*Problem description:* Your output should match the listing below word for word, without any images.
--- Given information Enclosed Below ---
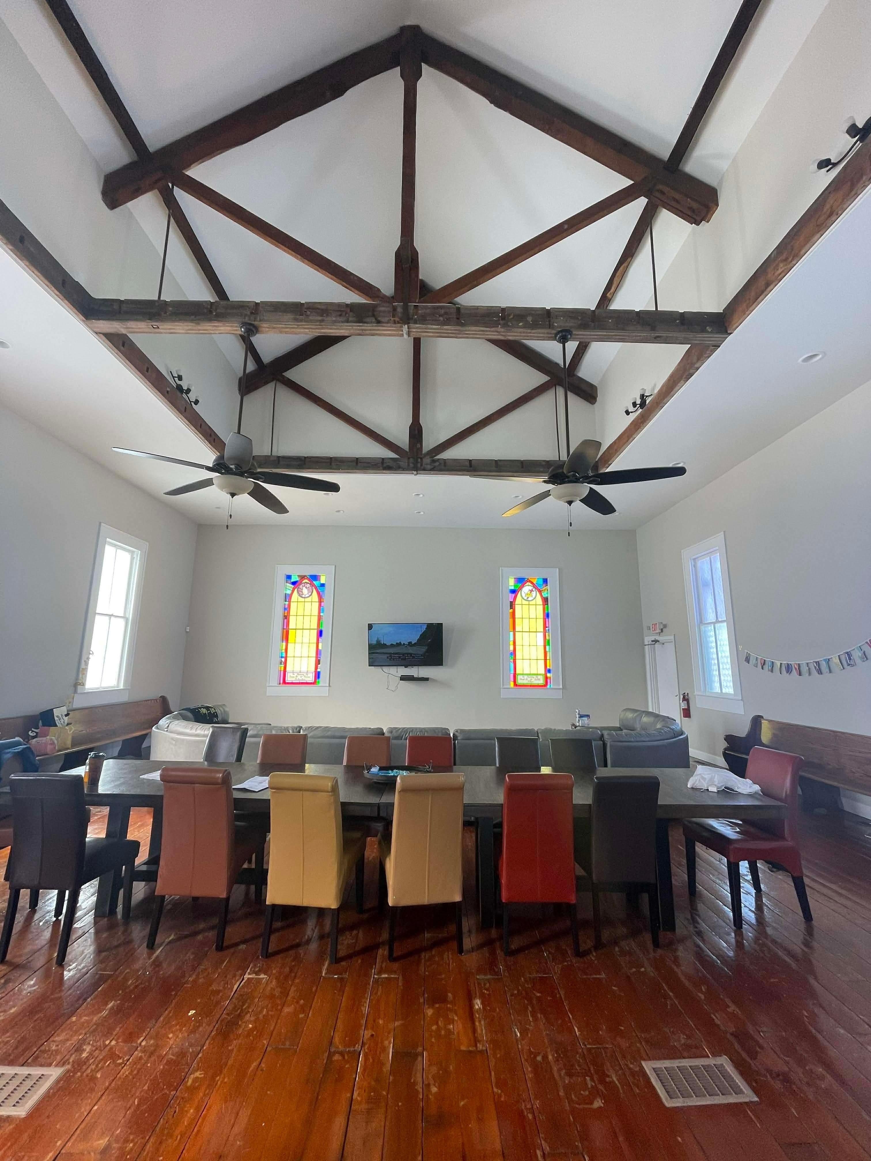 Disfrute de la experiencia Premier en The Sanctuary: el alojamiento y centro de eventos más exclusivo del condado de Ross. Esta hermosa capilla antigua del país construida en 1804 ha sido remodelada para reuniones y pernoctaciones o estadías prolongadas. Desde la cubierta adjunta, disfrutará de la vista pastoral de una granja de caballos ubicada en las colinas del sur de Ohio. Para su próxima gran reunión, ¡no se preocupe por limpiar su casa! Entretenga a sus invitados en el santuario de 1200 pies cuadrados con techos de catedral con vigas de madera originales. La gran sala se completa con una cocina completa con electrodomésticos de acero inoxidable y tiene asientos para comer disponibles para 20 personas, además de espacio para muchos más en dos bancos de la iglesia antigua, la amplia sección de cuero y otro sofá y sillón de cuero, y un baño completo.
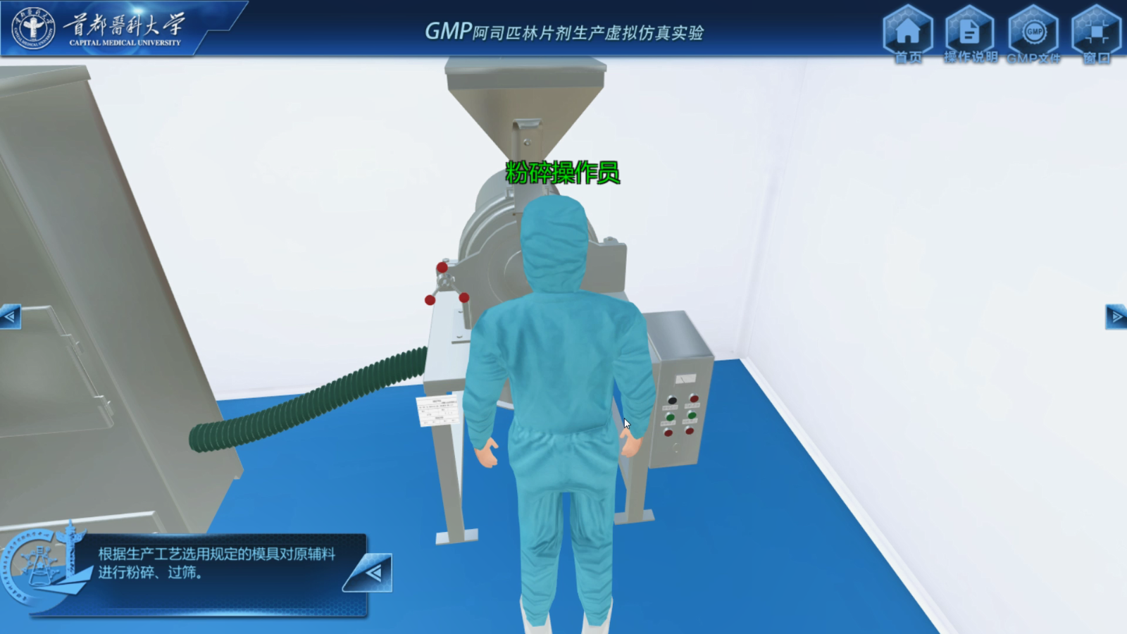 GMP片剂生产粉碎过筛岗位虚拟仿真实验 |
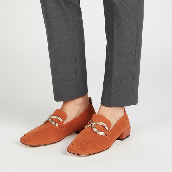 Półbuty damskie S.Barski, cholewka skóra naturalna zamszowa niski fason kwadratowy nosek ozdobny metalowy element na podbiciu stabilny niski obcas fason wsuwany, pomarańczowe, CR61-3115
--- End of Enclosed Given information ---
*Response:*
 Disfrute de la experiencia Premier en The Sanctuary: el alojamiento y centro de eventos más exclusivo del condado de Ross. Esta hermosa capilla antigua del país construida en 1804 ha sido remodelada para reuniones y pernoctaciones o estadías prolongadas. Desde la cubierta adjunta, disfrutará de la vista pastoral de una granja de caballos ubicada en las colinas del sur de Ohio. Para su próxima gran reunión, ¡no se preocupe por limpiar su casa! Entretenga a sus invitados en el santuario de 1200 pies cuadrados con techos de catedral con vigas de madera originales. La gran sala se completa con una cocina completa con electrodomésticos de acero inoxidable y tiene asientos para comer disponibles para 20 personas, además de espacio para muchos más en dos bancos de la iglesia antigua, la amplia sección de cuero y otro sofá y sillón de cuero, y un baño completo.
 GMP片剂生产粉碎过筛岗位虚拟仿真实验 |
 Półbuty damskie S.Barski, cholewka skóra naturalna zamszowa niski fason kwadratowy nosek ozdobny metalowy element na podbiciu stabilny niski obcas fason wsuwany, pomarańczowe, CR61-3115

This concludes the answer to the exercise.